ROC curves were used to detect the cutoff value of each immune marker. Kaplan-Meier survival analysis was conducted to compare the outcomes between patients with positive and negative marker levels, between patients with each immune status class, and between patients with different immune status changes over a 30-day follow-up. Dynamic changes in inflammatory markers and disease severity scores from days 1 to 3 were tested by the Wilcoxon signed rank test. The mortality rates of each immune status group and each immune status change group were compared by Pearson's Chi-square test or Fisher's exact test, as appropriate. All statistical analyses were two-sided, and the significance level was set to P<0.05. Model assumptions were tested before using statistical methods. Statistical analysis was conducted in SPSS 25.0 (SPSS Inc., IL, USA).

RESULTS

Characteristics of septic patients

A total of 174 septic patients were enrolled, including 124 survivors and 50 non-survivors (Figure 1). Data of all patients were available at day 1. Six patients died before day 3, and one patient was discharged alive before day 3. Blood collections were not ordered for 13 patients by the treating clinicians due to practical clinical conditions. Thus, data from 154 patients were available at day 3, including 115 survivors and 39 non-survivors.

Among all enrolled patients, 109 were men, and the median age was 67 years. The respiratory tract was the most common site of primary infection (n=117, 67.2%). In total, 28.7% (50/174) of patients died in the hospital. The clinical characteristics of the enrolled patients are shown in Table 1.
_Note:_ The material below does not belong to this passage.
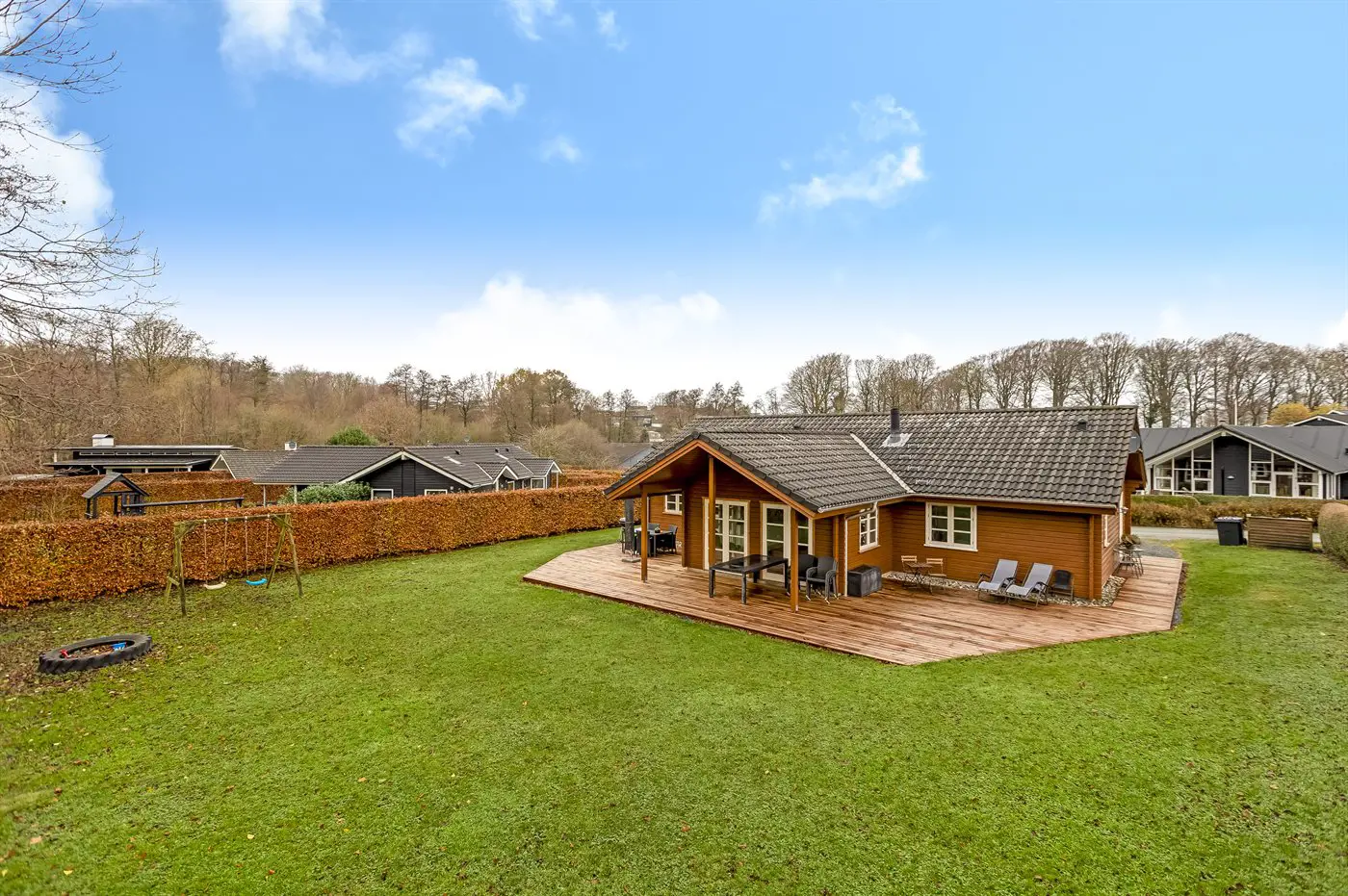 Auf den Terrassen könnt ihr den Tag in Ruhe genießen, während der große Rasenplatz zu Spiel und Gemeinschaft einlädt; für die Kleinsten gibt es sowohl einen Sandkasten als auch eine Schaukel. Vergesst auch nicht Badebekleidung und Sonnencreme, denn die kurze Entfernung zum Strand von Loddenhøj macht es ideal, ein erfrischendes Bad im herrlichen Wasser zu nehmen.

Association between immune markers and in-hospital mortality of septic patients

Serum levels of immune markers are shown in supplementary Table 3. The data revealed that serum levels of all cytokines were the highest at day 1 in both survivors and non-survivors. Univariate analysis revealed that non-survivors had higher levels of both pro- and anti-inflammatory cytokines and lower HLA-DR expression at day 1 (TNF-α [P=0.003], IL-2R [P=0.013], IL-6 [P<0.001], IL-8 [P<0.001], IL-10 [P<0.001], HLA-DR [P<0.001]) and day 3 (TNF-α [P<0.001], IL-2R [P=0.029], IL-6 [P<0.001], IL-8 [P<0.001], IL-10 [P<0.001], HLA-DR [P<0.001])(supplementary Table 3). Patients with positive markers (except IL-2R at day 1) showed worse 30-day survival, as revealed by the log-rank test after applying the cutoff values (day 1: TNF-α [P=0.035], IL-6 [P=0.002], IL-8 [P=0.02], IL-10 [P=0.001], HLA-DR [P<0.001]; day 3: TNF-α [P<0.001], IL-2R [P<0.001], IL-6 [P=0.013], IL-8 [P=0.003], IL-10 [P<0.001], HLA-DR [P<0.001]) (Figure 2 and supplementary Figure 2). Multivariate analysis revealed that MARS at day 3 and mechanical ventilation were independent risk factors for in-hospital mortality (supplementary Table 4). The areas under the ROC curves (AUCs) in the analysis of HLA-DR expression (P<0.001) and IL-10 (P<0.001) at day 3 were also higher than those of other markers (supplementary Table 3).

Figure 2.

Figure 2.   Kaplan-Meier survival curves of septic patients. A: comparison between the group with positive IL-10 levels and that with negative levels at day 3 (P<0.001); B: comparison between the group with positive HLA-DR levels and that with negative levels at day 3 (P<0.001); C: comparison between different immune status classifications at day 3 (SIRS vs. CARS [P<0.001], SIRS vs. MARS [P<0.001], CARS vs. MARS [P=0.008]); D: comparison between different classifications of immune status changes (SB vs. RM [P=0.028], SB vs. NR [P<0.001], SB vs. DT [P<0.001]). The survival curve of DT intersected with that of RM and NR, in which case the log-rank test was not conducted; HLA-DR: human leukocyte antigen-D-related; SIRS: systemic inflammatory response syndrome; CARS: compensatory anti-inflammatory response syndrome; MARS: mixed antagonistic response syndrome; DT: deterioration; NR: nonremission; RM: remission; SB: stabilization.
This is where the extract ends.